Actively mode-locked fiber lasers for high speed telecommunication systems.
Lam, Quoc Huy.
Date of Issue2009
School of Electrical and Electronic Engineering
Network Technology Research Centre
We propose and develop a novel mathematical series method for analyzing actively mode-locked lasers. Classical analysis methods (self-consistence methods) are very useful in determining the steady-state pulse parameters but don't show the transient evolution of the pulse and the role of amplified stimulated emission (ASE) noise in the process of pulse formation. To overcome this, we propose and derive a set of mathematical series, which are easily calculated from the laser cavity parameters, to trace the evolution of the signal in the laser cavity.
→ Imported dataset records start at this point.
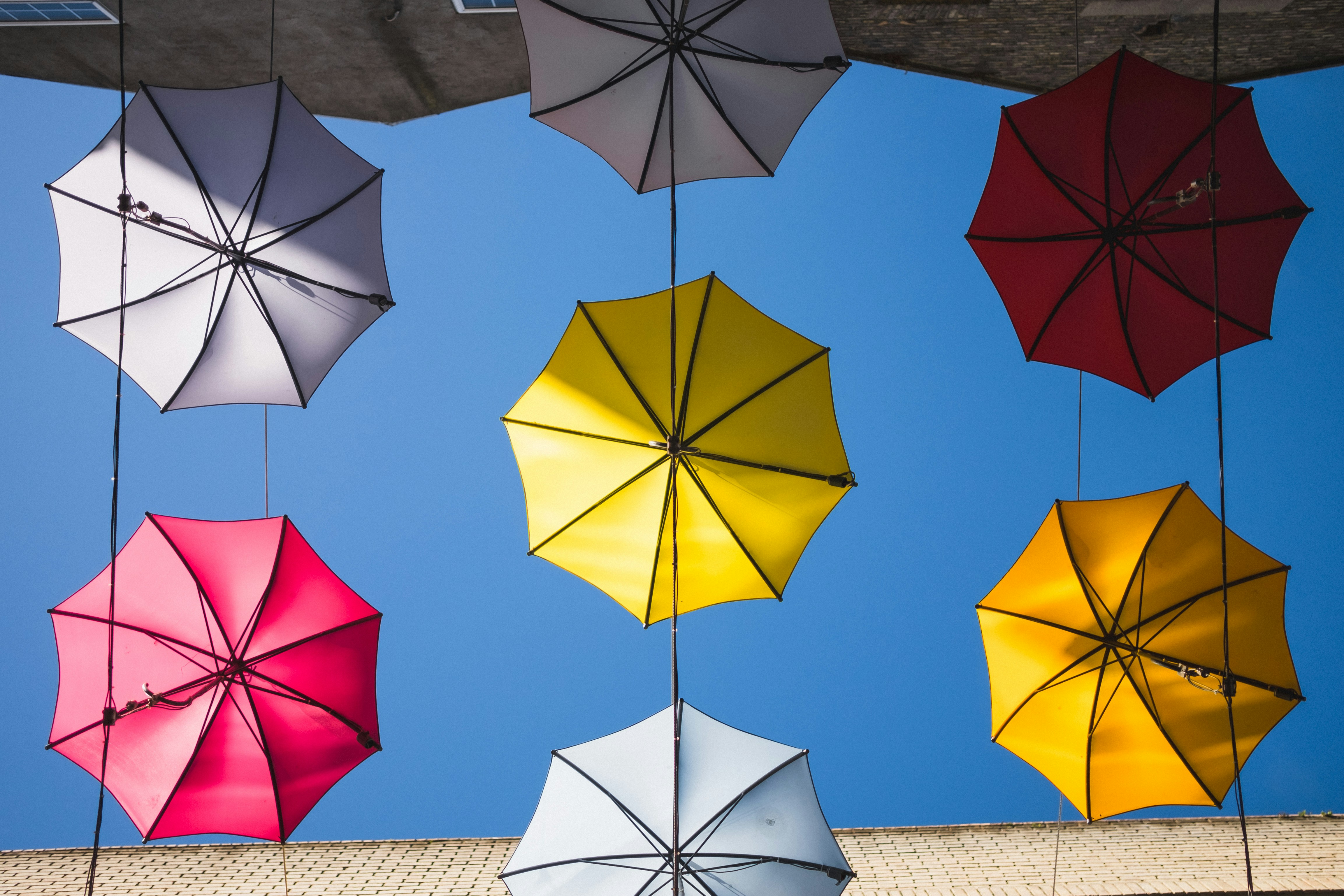An alley filled with umbrellas in Dublin, Ireland.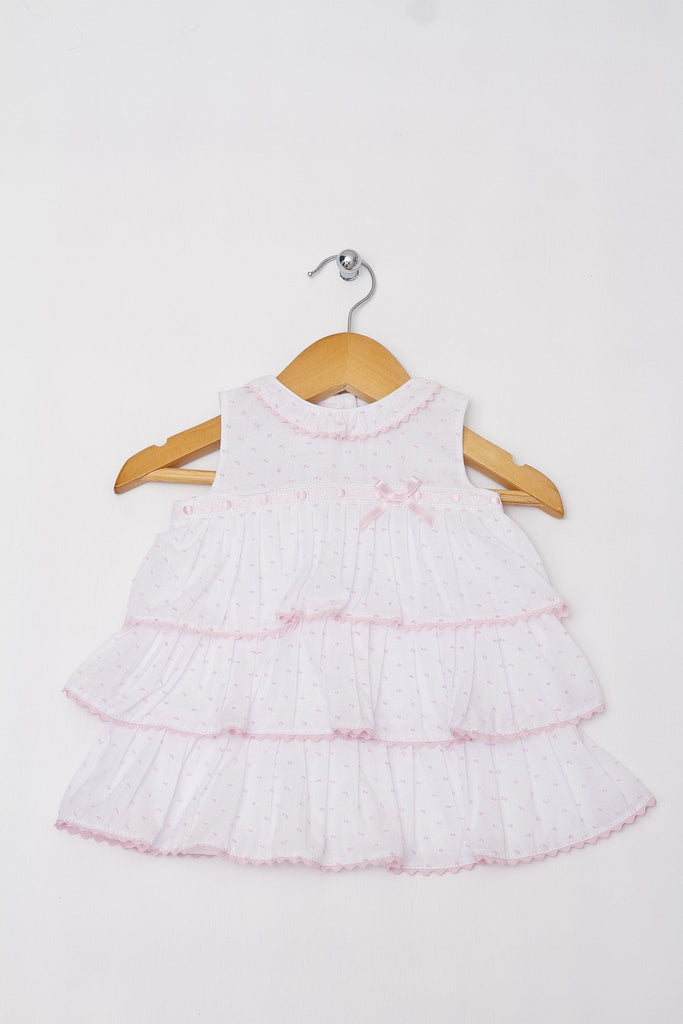 Coqueto vestido de algodón con acabado plumeti con 3 capas de olanes y trenzilla en la orilla.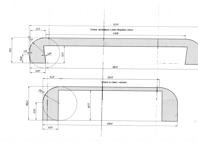 ), затем я снял с 3д модели два сечения этой детали -- сечение, прилегающее к крышке капота и сечение, прилегающее к рамке ветрового стекла: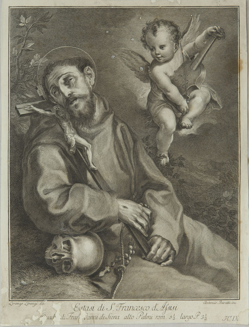 - NOTIZIE STORICO CRITICHE L'incisione raffigura un quadro di Francesco Vanni da Siena raffigurante l'Estasi di san Francesco d'Assisi, che stava nella collezione dei marchesi Gerini di Firenze. L'opera fu poi venduta nell'Ottocento insieme al resto della raccolta, e la sua ubicazione è oggi ignota. L'incisione appare per la prima volta nel secondo tomo della "Raccolta Di Stampe Rappresentanti i Quadri Più Scelti De' Signori Marchesi Gerini" (tav. IX), un'impresa editoriale voluta dal marchese Andrea Gerini per celebrare la sua imponente collezione d'arte, e pubblicata in due volumi, il primo dei quali uscito a stampa nel 1759, mentre il secondo solo nel 1786, assieme ad una riedizione del primo. Per la realizzazione dei disegni e la preparazione delle lastre, il marchese aveva incaricato l'abate volterrano Lorenzo Lorenzi, che soggiornava presso il suo palazzo, il quale si avvalse in qualche occasione della collaborazione di Violante Vanni. Le matrici poi vennero incise dai migliori intagliatori italiani dell'epoca: tra questi, vi era anche Antonio Baratti, che fu ingaggiato dal Gerini grazie alla mediazione di Anton Maria Zanetti il Vecchio, come dimostrato dalle ricevute di pagamento scoperte da M. Ingendaay. Grazie ad uno di questi documenti infatti, sappiamo che Baratti aveva già inciso la lastra con l'Estasi nel 1760. La tecnica utilizzata da Baratti, una commistione di acquaforte e bulino, riesce a rendere con estrema fedeltà le preziosità del dipinto, e accurati appaiono anche i passaggi chiaroscurali. La resa di alcuni dettagli, come ad esempio le lacrime del santo, sono tra i brani più squisitamente belli dell'opera. Nel Fondo Alpago-Novello, si trovano altre due incisioni che Baratti realizzò per la "Raccolta" del marchese Gerini (MCBL 9613, 9635)

Using this approach, we reveal the transient shaping of the pulse from ASE noise under the filtering and modulation effects. We also achieve the steady-state pulse directly from the limit of this transient shaping evolution. Furthermore, we investigate the detuning of actively mode-locked lasers using this method and show that mode-locked pulses are still obtained when the modulation frequency is detuned. The other advantage of our proposed method in comparison with self-consistence analysis methods is that it can be applied to analyze not only laser model without noise but also laser model with ASE noise. We found that minimizing cavity loss and amplifier noise would increase the laser's Signal to Noise Ratio (SNR). On the other hand, the laser's SNR rapidly decreases as the laser is detuned since the pulse experiences higher loss when passing the modulator with position shift. As a result, the locking range is found to be limited by the noise.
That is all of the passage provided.